(Problem)
Copy out the data below from the line containing "I bought this" to the line containing "表格4是測算結(jié)果,內(nèi)", both lines included, with all images left out.

(Data provided)
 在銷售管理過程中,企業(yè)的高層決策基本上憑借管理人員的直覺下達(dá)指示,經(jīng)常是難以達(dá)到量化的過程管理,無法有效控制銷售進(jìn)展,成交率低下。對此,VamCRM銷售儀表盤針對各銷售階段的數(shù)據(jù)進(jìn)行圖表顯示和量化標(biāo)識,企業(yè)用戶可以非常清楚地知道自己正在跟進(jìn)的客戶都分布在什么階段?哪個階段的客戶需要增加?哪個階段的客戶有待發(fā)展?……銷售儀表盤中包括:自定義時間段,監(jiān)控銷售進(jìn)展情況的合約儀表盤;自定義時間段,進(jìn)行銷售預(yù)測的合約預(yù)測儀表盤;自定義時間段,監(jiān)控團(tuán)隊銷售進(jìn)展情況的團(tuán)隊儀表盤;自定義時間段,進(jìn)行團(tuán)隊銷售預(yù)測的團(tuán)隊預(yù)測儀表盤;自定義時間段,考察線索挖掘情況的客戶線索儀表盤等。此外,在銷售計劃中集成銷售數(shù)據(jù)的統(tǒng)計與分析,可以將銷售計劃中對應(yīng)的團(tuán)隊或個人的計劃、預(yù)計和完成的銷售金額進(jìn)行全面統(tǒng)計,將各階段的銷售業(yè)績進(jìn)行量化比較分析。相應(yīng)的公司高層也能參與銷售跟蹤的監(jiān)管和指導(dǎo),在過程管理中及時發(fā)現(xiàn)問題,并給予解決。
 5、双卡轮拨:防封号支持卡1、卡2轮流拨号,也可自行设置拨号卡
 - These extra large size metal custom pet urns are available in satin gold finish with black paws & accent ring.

...

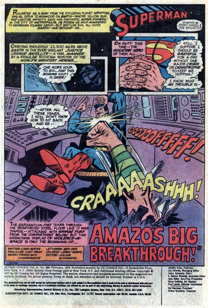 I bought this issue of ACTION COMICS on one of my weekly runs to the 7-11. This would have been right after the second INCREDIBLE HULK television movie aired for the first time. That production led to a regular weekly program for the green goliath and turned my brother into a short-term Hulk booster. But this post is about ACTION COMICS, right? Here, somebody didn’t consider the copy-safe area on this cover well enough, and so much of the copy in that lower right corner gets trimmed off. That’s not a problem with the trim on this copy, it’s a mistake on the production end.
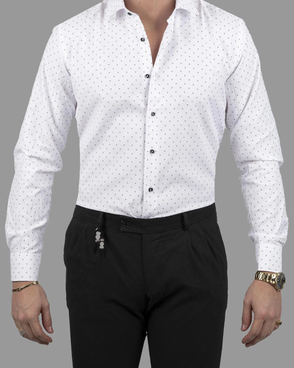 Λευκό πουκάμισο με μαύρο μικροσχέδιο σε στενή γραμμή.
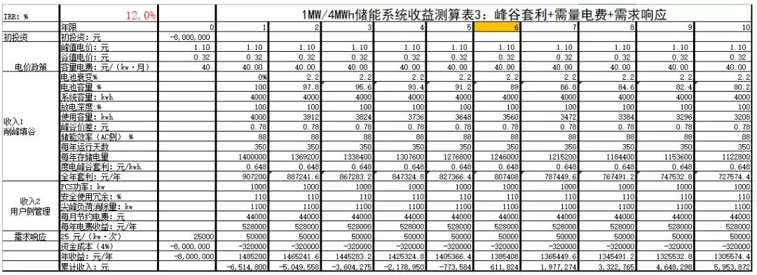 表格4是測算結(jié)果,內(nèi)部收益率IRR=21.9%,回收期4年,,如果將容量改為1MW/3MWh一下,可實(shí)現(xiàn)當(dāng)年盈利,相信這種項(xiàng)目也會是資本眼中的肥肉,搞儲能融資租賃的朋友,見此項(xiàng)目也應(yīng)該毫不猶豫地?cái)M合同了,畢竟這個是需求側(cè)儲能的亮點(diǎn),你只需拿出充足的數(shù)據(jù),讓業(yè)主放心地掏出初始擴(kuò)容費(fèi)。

...

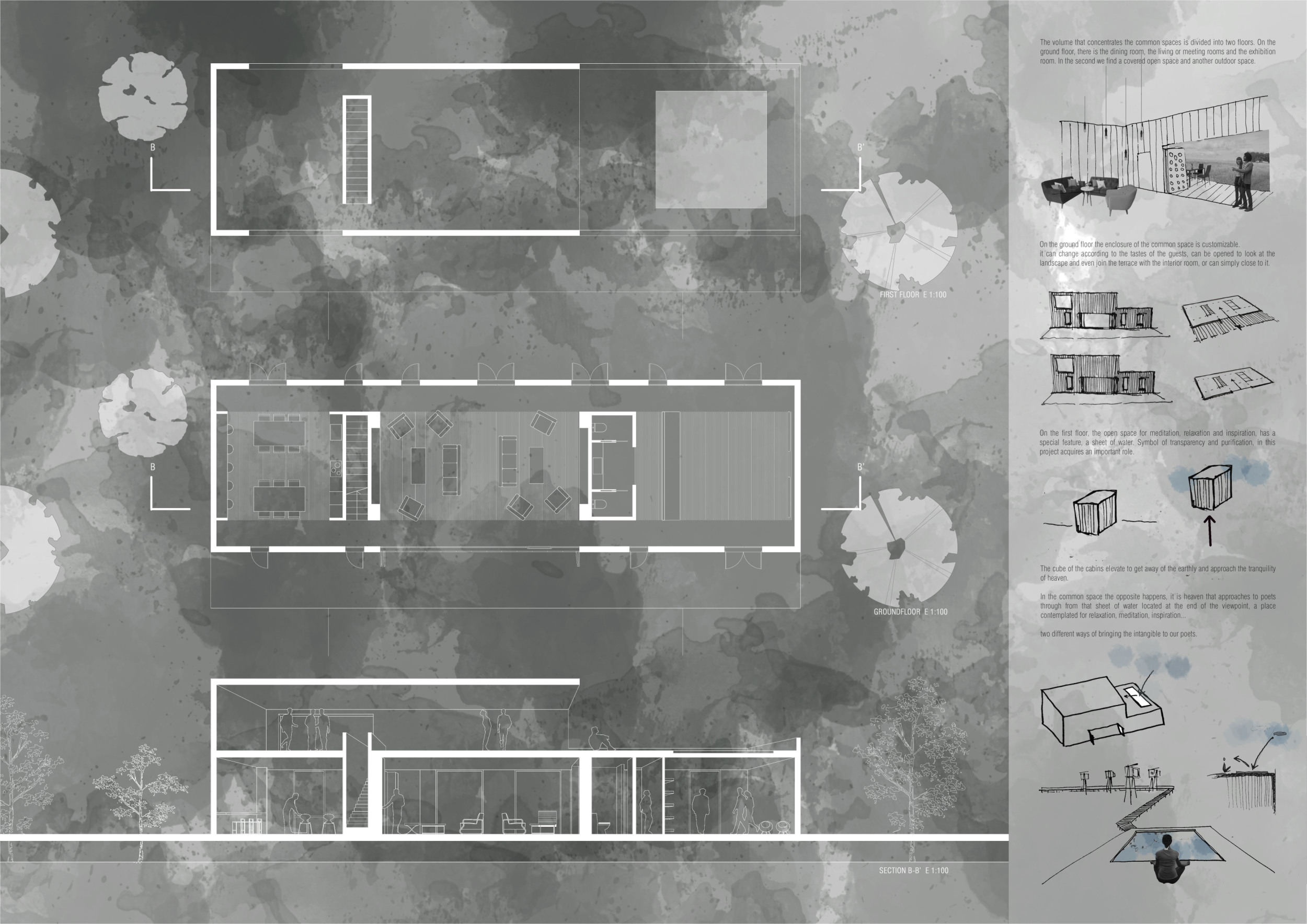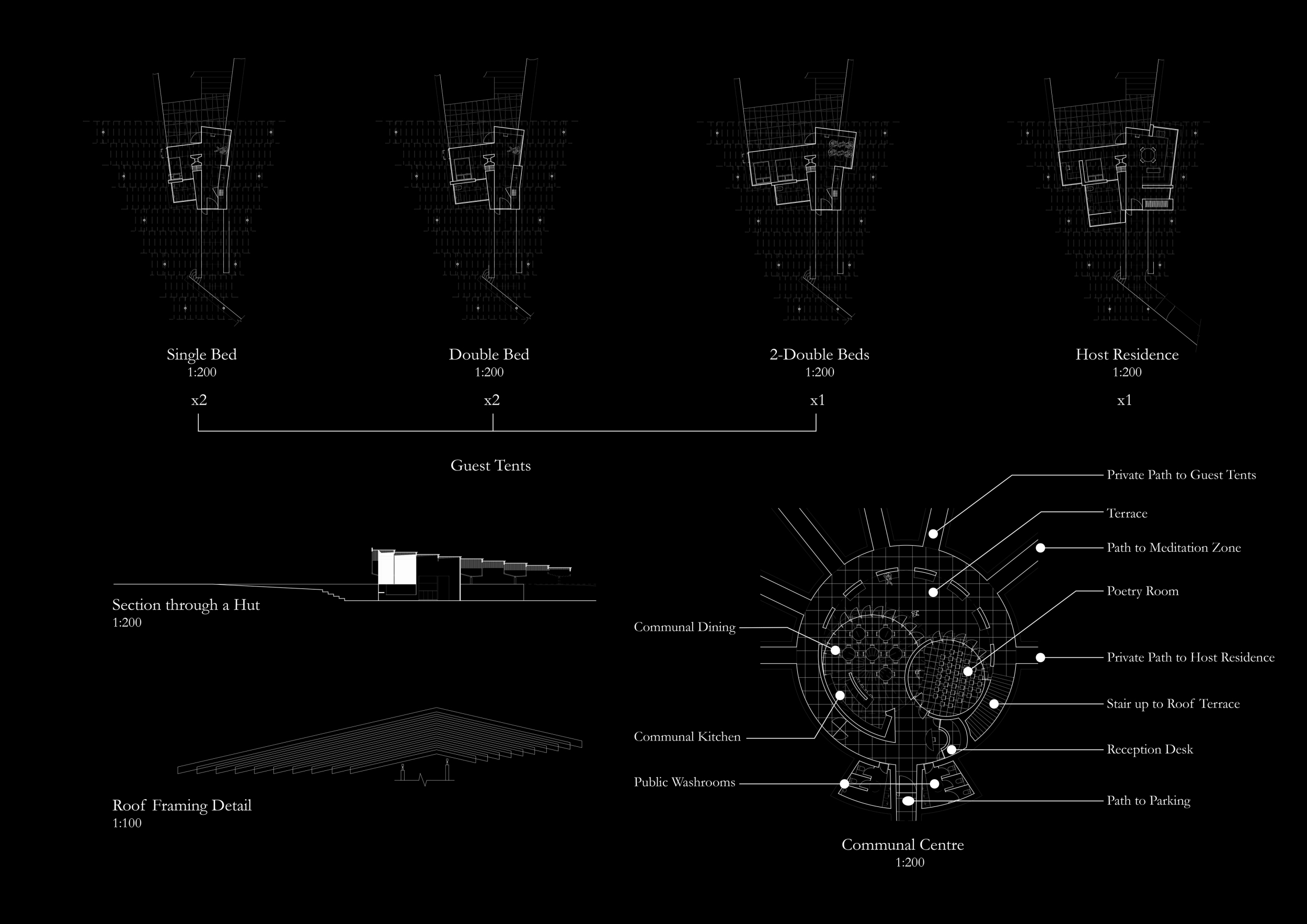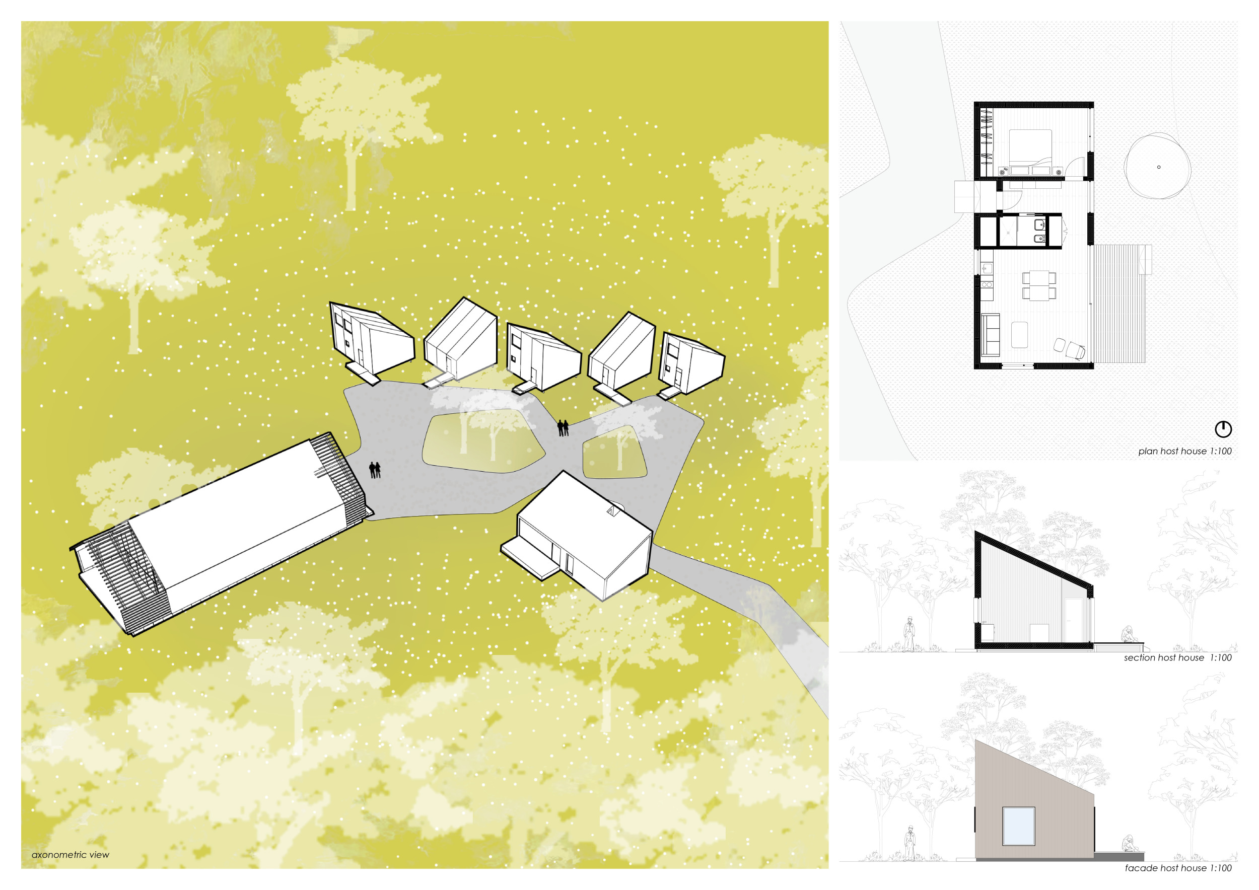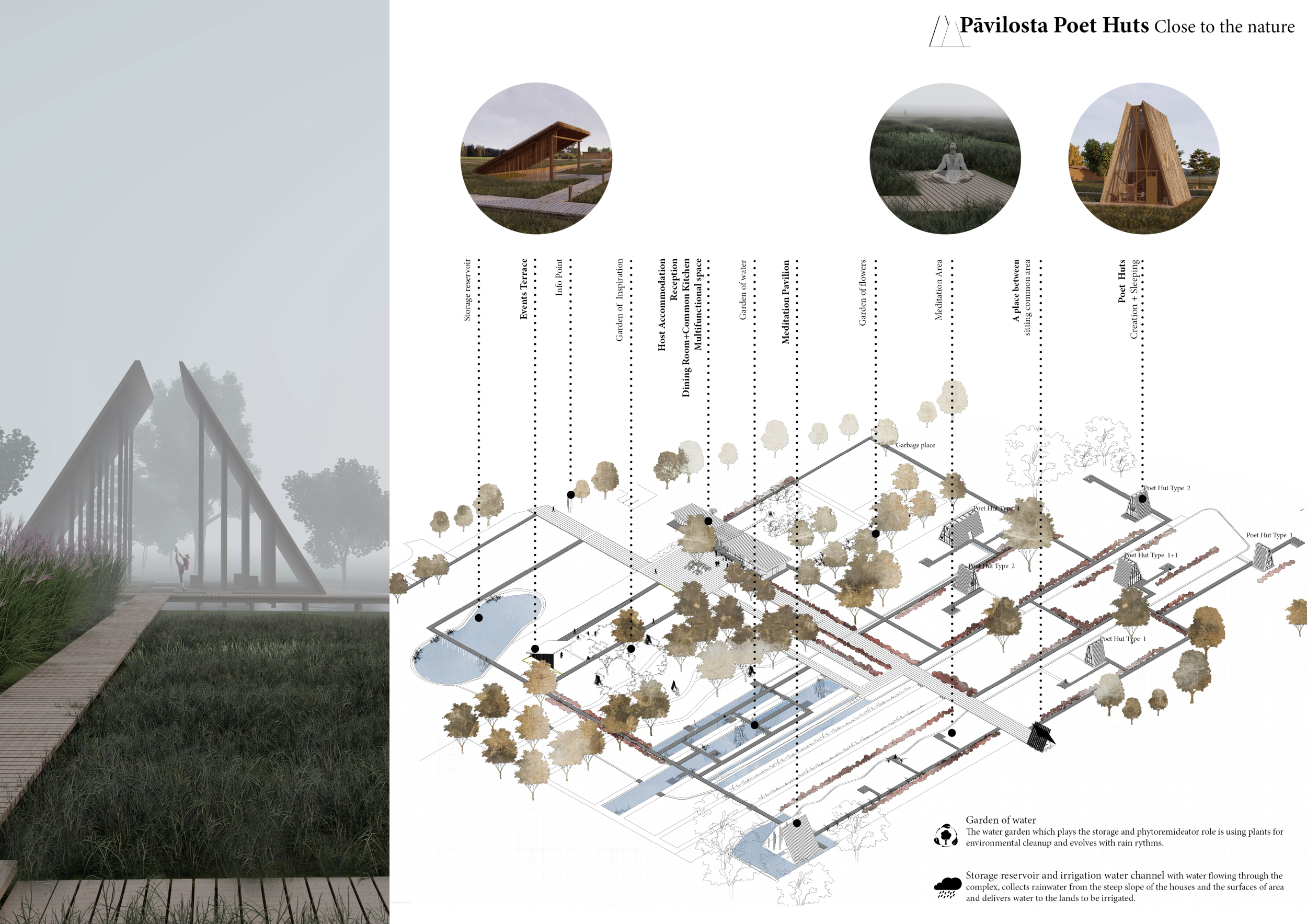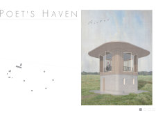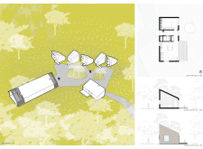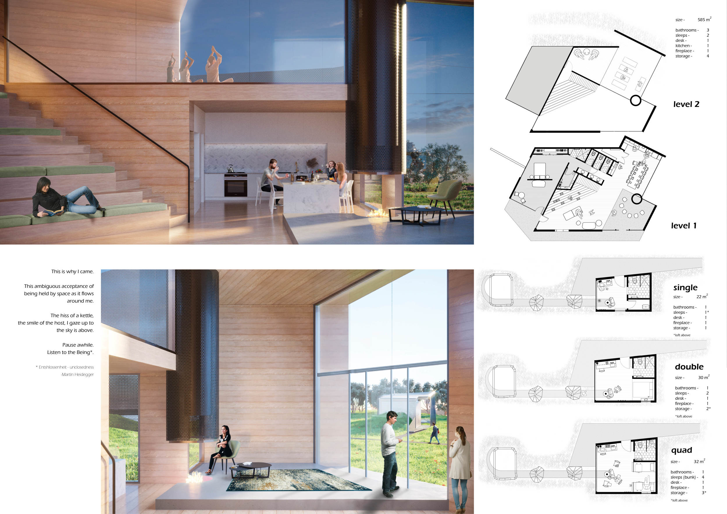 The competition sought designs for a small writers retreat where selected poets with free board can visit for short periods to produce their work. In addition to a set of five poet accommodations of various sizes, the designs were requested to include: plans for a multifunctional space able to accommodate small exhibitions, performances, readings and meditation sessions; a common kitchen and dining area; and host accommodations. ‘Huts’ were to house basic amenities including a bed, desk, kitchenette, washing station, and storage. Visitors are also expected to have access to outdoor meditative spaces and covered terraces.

(Response)
 I bought this issue of ACTION COMICS on one of my weekly runs to the 7-11. This would have been right after the second INCREDIBLE HULK television movie aired for the first time. That production led to a regular weekly program for the green goliath and turned my brother into a short-term Hulk booster. But this post is about ACTION COMICS, right? Here, somebody didn’t consider the copy-safe area on this cover well enough, and so much of the copy in that lower right corner gets trimmed off. That’s not a problem with the trim on this copy, it’s a mistake on the production end.
 Λευκό πουκάμισο με μαύρο μικροσχέδιο σε στενή γραμμή.
 表格4是測算結(jié)果,內(nèi)部收益率IRR=21.9%,回收期4年,,如果將容量改為1MW/3MWh一下,可實(shí)現(xiàn)當(dāng)年盈利,相信這種項(xiàng)目也會是資本眼中的肥肉,搞儲能融資租賃的朋友,見此項(xiàng)目也應(yīng)該毫不猶豫地?cái)M合同了,畢竟這個是需求側(cè)儲能的亮點(diǎn),你只需拿出充足的數(shù)據(jù),讓業(yè)主放心地掏出初始擴(kuò)容費(fèi)。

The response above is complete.